In France, the Future Is Arriving on a Barge

As pale morning light flickered across the Seine, Capt. Freddy Badar steered his hulking river barge, Le Bosphore, past picturesque Normandy villages and snow-fringed woodlands, setting a course for Paris.

Onboard were containers packed with furniture, electronics and clothing loaded the night before from a cargo ship that had docked in Le Havre, the seaport in northern France. Had the cargo continued by road, 120 trucks would have clogged the highways. Using Le Bosphore and its crew of four prevented tons of carbon emissions from entering the atmosphere.

“The river is part of a wider solution for cleaner transport and the environment,” Captain Badar said, his eyes scanning other vessels carrying wares up and down the Seine. “But there’s much more that we could be doing.”

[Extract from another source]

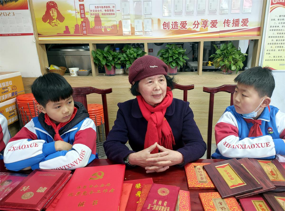 2月26日上午,在市區(qū)文峰社區(qū)愛心粥屋,黃玉棟給小學生講述當年學雷鋒的經(jīng)歷。黃玉棟原是一名公安民警,在職時,先后獲得“河南省學雷鋒標兵”“河南省勞動模范”等榮譽稱號。退休后,她又到市老干部督導團繼續(xù)為城市創(chuàng)建貢獻力量。 記者 黃增瑞 攝

As the European Union steps up its battle against climate change, it needs to decarbonize freight transport, responsible for a quarter of global greenhouse gas emissions.

To get there, it is turning back to a centuries-old solution: its rivers. With 23,000 miles of waterways spanning the European Union, officials see a huge potential to help take trucks — the biggest source of freight emissions — off roads. The European Green Deal, the European Union’s decarbonization blueprint, would turn rivers into highways and double barge traffic by 2050.

Capt. Freddy Badar is the third generation of riverboat captains in his family. “The river is part of a wider solution for cleaner transport,” he said.